In fact, for years, people who leased over and over just turned their leased vehicles in without even checking the value. Everybody in the industry knew there was no need; the value was ALWAYS less than the residual value with rare exception, but all that has changed now and I am seeing more and more people who have money left over and don’t realize it.
Two factors have contributed to this new phenomenon of lease-end equity. First, vehicles coming off lease today had realistic residual values when the lease was started. For years, many manufacturers inflated residual values to make payments lower, but that came back to bite them and they stopped this practice. Secondly, the sky-high used car values I have been telling you about are aiding in helping people pocket cash at the end of their lease.
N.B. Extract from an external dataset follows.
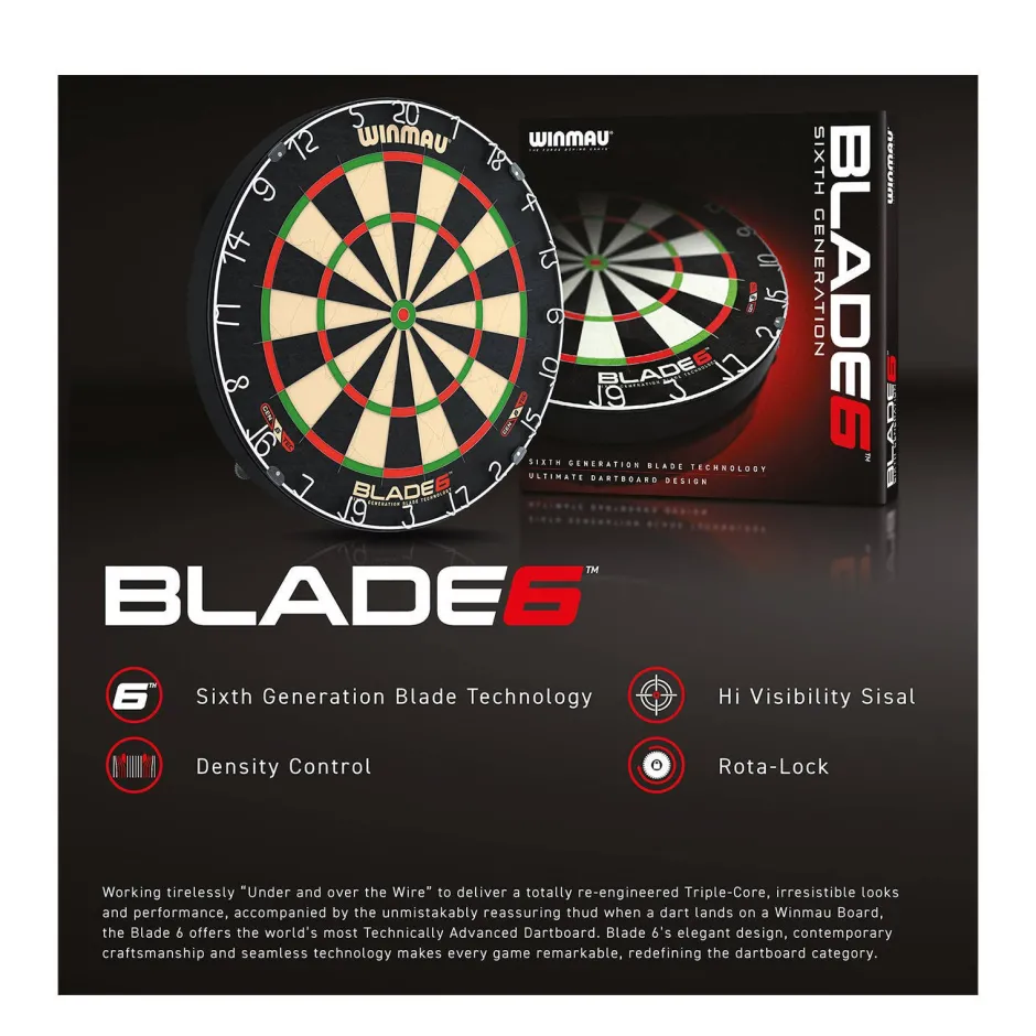 De Zesde Generatie Van De Winmau Blade Dartbord Serie Met Geweldig Design, Innovatie En Vakmanschap Met Winmau’S Nieuwste Dartbordtechnologie. Zo Is Het Blade 6 Dartbord Uitgerust Met Het Nieuwste ‘ Gepatenteerde Density Control-Draad Voor Optimale Vezeldichtheid En Verbeterde Dartretentie In De Dubbele, Treble- En Bullseye-Zones Om Optimale Scorekracht Te Verzekeren. Het Blade 6 Dartbord Is Voorzien Van Ultradun Draad Met Een Hoek Van 60 Graden, Hierdoor Buigt De Dartpijl Af In Het Scoregebied En Het Dunne Draad Zorgt Voor Minimale Bounce-Outs. De Volledig Geharde Bullseye En Buitenste Ring, Beide Met Density Control-Draad, Zijn Nu 25% Dunner. Het Blade 6 Dartbord Is Goedgekeurd Voor Professionele Toernooien En Vervaardigd Van Het Beste Oost-Afrikaanse Sisal Volgens De Officiele Specificaties Van De World Darts Federation. De Blade 6 Is Uitgerust Met Het Eenvoudig Aan Te Passen Rota-Lock Montagesysteem, En Past Op Elke Muur, Zodat Je Meteen Kunt Spelen. Het Blade 6 Dartbord Levert Hoogwaardige Spelkwaliteit En Is Ideaal Voor De Meest Veeleisende Spelers!

Looking to the future, I see the used car shortage and high values to continue for at least another year. Lower new vehicle sales mean fewer trade-ins in the future. This creates a shortage of used cars and makes values remain at peaks. Most of the vehicles being traded today were bought in the 2008 to 2009 timeframe, both low volume years for the auto industry.
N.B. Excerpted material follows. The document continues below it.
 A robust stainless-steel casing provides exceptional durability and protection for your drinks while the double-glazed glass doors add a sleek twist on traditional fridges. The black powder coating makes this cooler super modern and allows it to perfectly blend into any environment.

One thing is for sure, lease companies today want you to turn in your vehicle at the end of your lease. There is nothing they would love more than to take it to auction and pocket your equity. This is a reversal of epic proportion. Just a year or so ago, they were enticing you to purchase your lease car with low interest rates and other offers. At that time, they did not want your lease car back, knowing they had a deep loss coming.
In addition to looking closely at your current lease if you are in one, bear in mind that if there is equity, that money is yours. You can even take it in cash to help with some other bills you might have, or use it toward your next lease or purchase.
I would tell you too that if you are in the market, and are not a high mileage driver, you should look hard at leasing in this climate. After hitting a six-year low in 2009, leasing has gained momentum each year since then. Right now, leasing stands at around 30% of the new vehicles sold in 2011.
Just about all the automakers have lease specials right now that are intended to lower lease payments. Even the domestic car companies are getting back into it. These incentives will give you a lower lease payment or allow you to get a nicer car than previously thought. Plus you only pay for the best part of the vehicle; its first three years and you avoid a lot of the maintenance costs you have to absorb when you buy.
With the exception of people who drive more than 15,000 miles per year, I think smart money today is on leasing.